**Aim of the exercise**
Both the line below containing "The piece is" and the line containing "Vabilo na literarni", along with every line between them, should be repeated exactly; no other line belongs in the answer.

**The input**
· · · ·

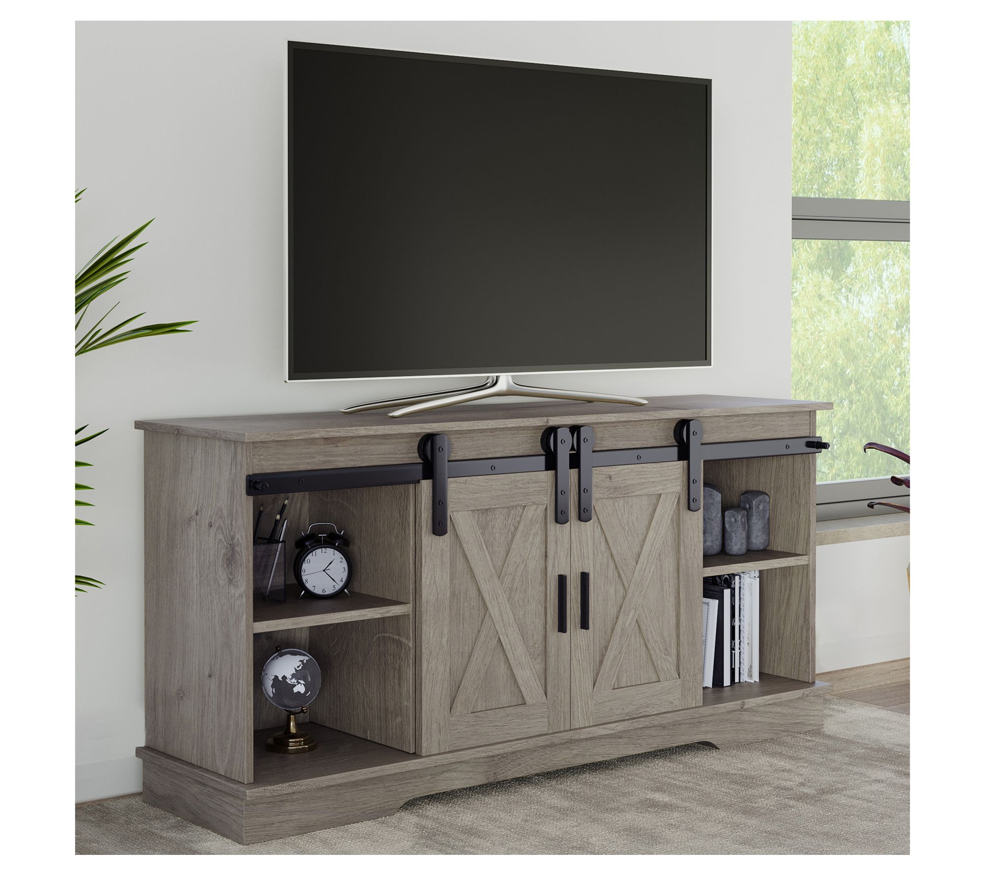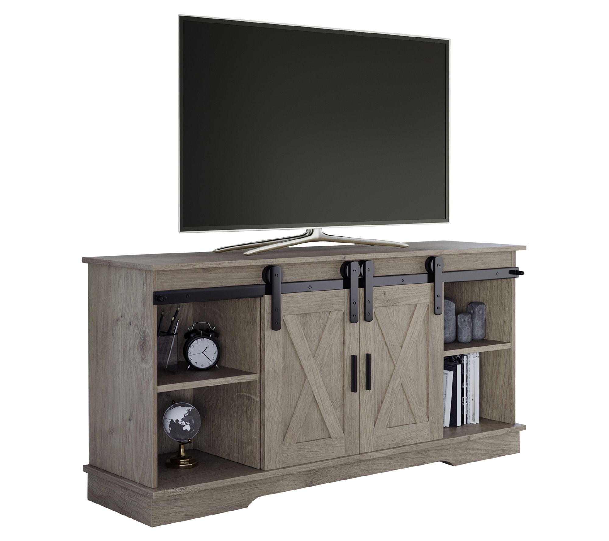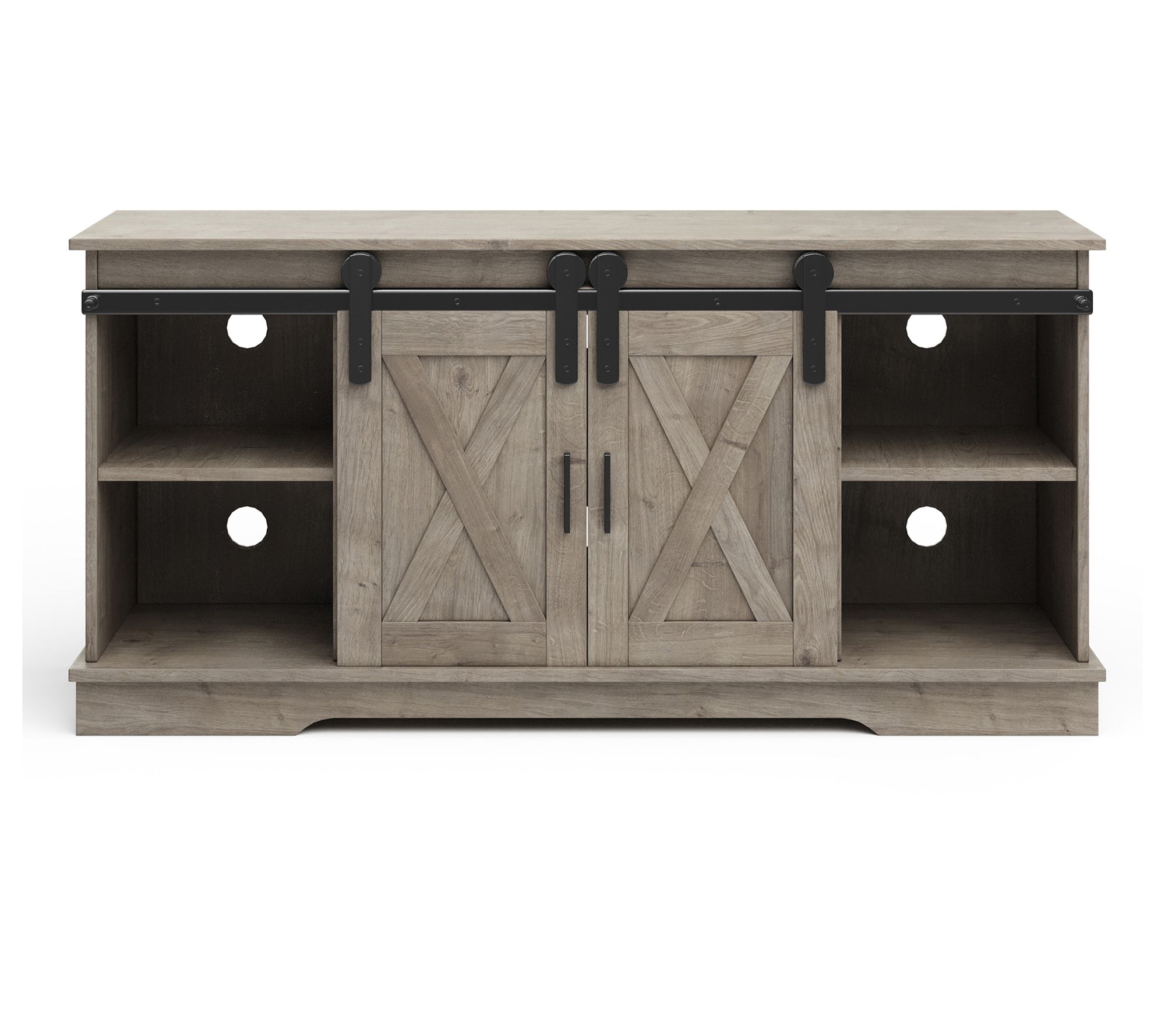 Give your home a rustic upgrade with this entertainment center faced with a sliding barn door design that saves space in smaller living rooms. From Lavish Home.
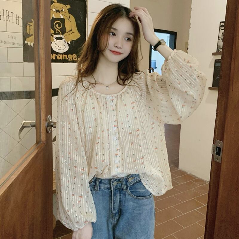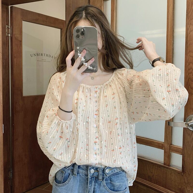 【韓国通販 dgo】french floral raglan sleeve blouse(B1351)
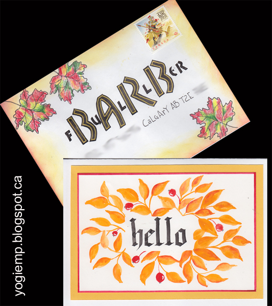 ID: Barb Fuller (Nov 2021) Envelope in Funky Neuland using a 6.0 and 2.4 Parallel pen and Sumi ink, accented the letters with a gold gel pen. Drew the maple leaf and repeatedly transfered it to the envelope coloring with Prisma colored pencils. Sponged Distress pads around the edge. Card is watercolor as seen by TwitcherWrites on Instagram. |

· · · ·

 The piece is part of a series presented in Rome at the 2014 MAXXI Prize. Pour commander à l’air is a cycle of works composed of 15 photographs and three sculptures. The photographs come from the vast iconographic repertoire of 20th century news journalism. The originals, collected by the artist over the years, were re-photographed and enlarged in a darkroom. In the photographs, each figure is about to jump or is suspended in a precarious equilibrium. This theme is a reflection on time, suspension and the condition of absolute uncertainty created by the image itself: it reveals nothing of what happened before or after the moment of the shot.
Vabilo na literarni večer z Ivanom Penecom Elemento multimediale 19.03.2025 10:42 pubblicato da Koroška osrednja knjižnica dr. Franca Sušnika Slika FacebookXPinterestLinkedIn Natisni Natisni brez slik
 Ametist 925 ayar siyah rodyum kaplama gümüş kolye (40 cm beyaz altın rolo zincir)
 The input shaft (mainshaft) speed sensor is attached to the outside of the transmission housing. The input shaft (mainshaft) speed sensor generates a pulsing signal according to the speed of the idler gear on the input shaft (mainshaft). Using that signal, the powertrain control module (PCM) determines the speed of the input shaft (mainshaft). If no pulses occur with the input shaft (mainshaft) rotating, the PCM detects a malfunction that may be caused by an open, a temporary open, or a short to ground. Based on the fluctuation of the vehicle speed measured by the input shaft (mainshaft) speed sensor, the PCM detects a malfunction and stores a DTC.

· · · ·

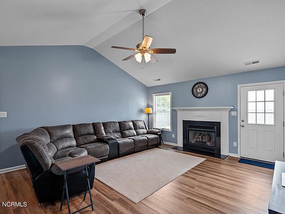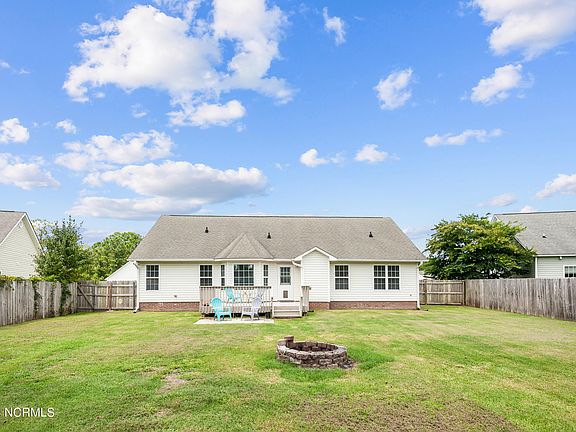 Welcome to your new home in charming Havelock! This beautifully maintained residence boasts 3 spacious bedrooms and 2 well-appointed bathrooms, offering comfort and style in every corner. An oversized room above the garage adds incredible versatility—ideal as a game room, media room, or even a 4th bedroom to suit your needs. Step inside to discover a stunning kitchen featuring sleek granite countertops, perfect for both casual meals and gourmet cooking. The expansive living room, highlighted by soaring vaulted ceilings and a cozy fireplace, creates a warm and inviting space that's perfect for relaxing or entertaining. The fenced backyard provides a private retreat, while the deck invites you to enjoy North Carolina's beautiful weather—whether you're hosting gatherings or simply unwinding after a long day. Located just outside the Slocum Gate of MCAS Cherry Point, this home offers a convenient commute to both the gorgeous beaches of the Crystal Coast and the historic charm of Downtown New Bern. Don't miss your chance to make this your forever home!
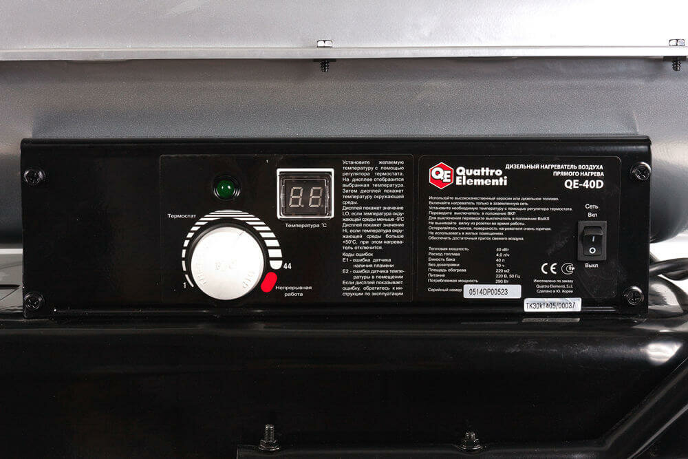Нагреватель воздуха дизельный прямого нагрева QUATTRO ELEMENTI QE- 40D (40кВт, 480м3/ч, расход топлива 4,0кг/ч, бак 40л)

· · · ·

**Solution to this task**
 The piece is part of a series presented in Rome at the 2014 MAXXI Prize. Pour commander à l’air is a cycle of works composed of 15 photographs and three sculptures. The photographs come from the vast iconographic repertoire of 20th century news journalism. The originals, collected by the artist over the years, were re-photographed and enlarged in a darkroom. In the photographs, each figure is about to jump or is suspended in a precarious equilibrium. This theme is a reflection on time, suspension and the condition of absolute uncertainty created by the image itself: it reveals nothing of what happened before or after the moment of the shot.
Vabilo na literarni večer z Ivanom Penecom Elemento multimediale 19.03.2025 10:42 pubblicato da Koroška osrednja knjižnica dr. Franca Sušnika Slika FacebookXPinterestLinkedIn Natisni Natisni brez slik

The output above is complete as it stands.